With the general solution, we can plot representative trajectories for different values of c₁ and c₂. However, since this is a text-based format, we cannot directly draw the trajectories. To plot the trajectories, you can use graphing software like Desmos, GeoGebra, or MATLAB/Octave. Input the general solution components as parametric functions and vary the parameters c₁ and c₂ to see different trajectories. Keep in mind that some trajectories will be horizontal lines (when c₂ = 0) and others will be exponential curves with a horizontal asymptote (when c₁ ≠ 0).

Key concepts

Eigenvalues and Eigenvectors

One of the fundamental concepts in solving linear systems of differential equations is finding eigenvalues and eigenvectors of the system's matrix. The matrix in our exercise is \(\begin{bmatrix} 0 & 1 \ -1 & 2 \end{bmatrix}\). To find the eigenvalues, we solve the characteristic equation, which comes from setting the determinant of \(A - \lambda I\) to zero. This gives us the polynomial equation \(\lambda^2 - 2\lambda = 0\). Solving this equation results in eigenvalues \(\lambda_1 = 0\) and \(\lambda_2 = 2\).

Each eigenvalue has an associated eigenvector that satisfies the equation \(A\mathbf{v} = \lambda\mathbf{v}\). For \(\lambda_1 = 0\), we solve and find that any vector of the form \(\begin{bmatrix} 1 \ 0 \end{bmatrix}\) is an eigenvector. Similarly, for \(\lambda_2 = 2\), we find \(\begin{bmatrix} 0 \ 1 \end{bmatrix}\) as the eigenvector.
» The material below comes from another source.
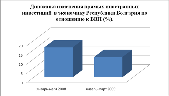 Последствия глобального финансово-экономического кризиса начали ощущаться в Болгарии в сентябре 2008 года. Появились симптомы ухудшения хозяйственной конъюнктуры: уменьшение числа заказов, увольнение рабочих, остановка производства, более строгое предоставление кредитов банками на реальную экономику. Оптимизм бизнеса в первые 6 месяцев 2008 года сменился негативными ожиданиями. По данным Национального института статистики, нагрузка на производственные мощности в октябре 2008 года составляла 74%. Предприниматели считают, что конкурентоспособная позиция болгарских предприятий и на международных, и на внутреннем рынке, ухудшилась. С тем, чтобы увеличить возможности коммерческих банков кредитовать бизнес, Болгарский народный банк принял решение снизить размер обязательных резервов банков с 12 на 10%, что позволило освободить ресурс в размере 500 млн. евро. По предварительным данным Болгарского народного банка, прямые иностранные инвестиции снизились до 11% ВВП страны на конец марта 2009 года, по сравнению с тем же периодом минувшего года, когда размер инвестиций составлял 16,3% ВВП. (Диаграмма 27)[9].

Understanding these concepts helps in constructing general solutions to the system of differential equations.

General Solutions

Once we have the eigenvalues and eigenvectors of a matrix corresponding to a linear system, the next step is constructing the general solution. For each eigenvalue and its associated eigenvector, the general solution incorporates terms \(c_1 e^{\lambda_1 t} \mathbf{v}_1 + c_2 e^{\lambda_2 t} \mathbf{v}_2\).
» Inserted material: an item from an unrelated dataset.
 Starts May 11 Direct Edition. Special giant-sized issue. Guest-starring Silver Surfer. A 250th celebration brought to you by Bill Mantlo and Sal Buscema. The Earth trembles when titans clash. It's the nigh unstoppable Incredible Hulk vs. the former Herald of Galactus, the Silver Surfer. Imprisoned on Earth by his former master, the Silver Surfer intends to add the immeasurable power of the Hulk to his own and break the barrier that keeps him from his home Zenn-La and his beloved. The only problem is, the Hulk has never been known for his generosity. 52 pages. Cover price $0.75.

In our case, the general solution becomes:

\[ \mathbf{y}(t) = \begin{bmatrix} c_1 \ c_2 e^{2t} \end{bmatrix} \]

This expression summarizes all possible solutions of the system, dependent on constants \(c_1\) and \(c_2\). This formula provides a robust method to understand how various initial conditions will evolve over time.

Trajectory Plotting

Plotting the trajectories of a system of differential equations visually demonstrates the solutions and their behaviors over time. Each trajectory corresponds to different initial conditions determined by varying \(c_1\) and \(c_2\). For our system, plotting the solution \(\mathbf{y}(t) = \begin{bmatrix} c_1 \ c_2 e^{2t} \end{bmatrix}\) gives two distinctive behaviors:

• Horizontal lines when \(c_2 = 0\) since the \(y\)-coordinate remains constant.
• Upward curves when \(c_2 eq 0\) with exponential growth rate in the \(y\)-coordinate.
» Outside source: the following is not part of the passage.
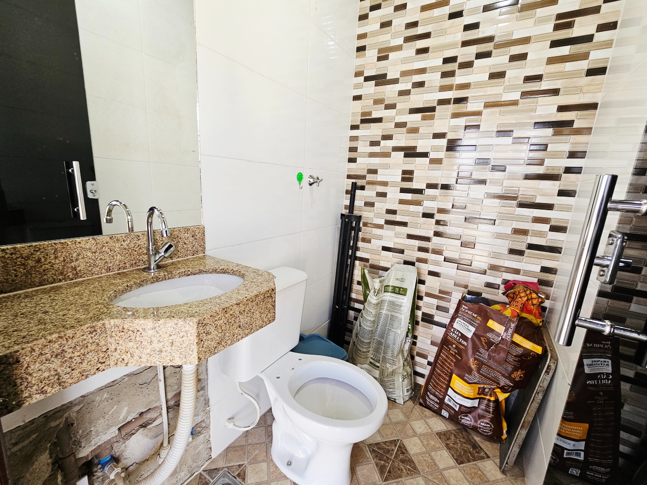 1º pavimento: sala ampla, 3 quartos, sendo 1 suíte, banheiro social e cozinha.

For more complex visualization, software tools like Desmos or MATLAB can be utilized. These tools help you see the effects of varying constants on the system's behavior.

Matrix Algebra

Matrix algebra forms the backbone for analyzing linear systems of differential equations. Finding eigenvalues and eigenvectors involves operations such as matrix addition, multiplication, and determinant computation. In our task, the matrix \(\begin{bmatrix} 0 & 1 \ -1 & 2 \end{bmatrix}\) functions as our system matrix, and manipulating it through various algebraic steps allows us to gain insights into the system's dynamics.

When solving \(A\mathbf{v} = \lambda\mathbf{v}\), it essentially translates into solving a linear algebraic system for \(\mathbf{v}\) given \(\lambda\). Mastery in matrix algebra techniques not only aids in finding solutions to differential equations but is also applicable across many fields in mathematics and engineering for solving similar linear problems.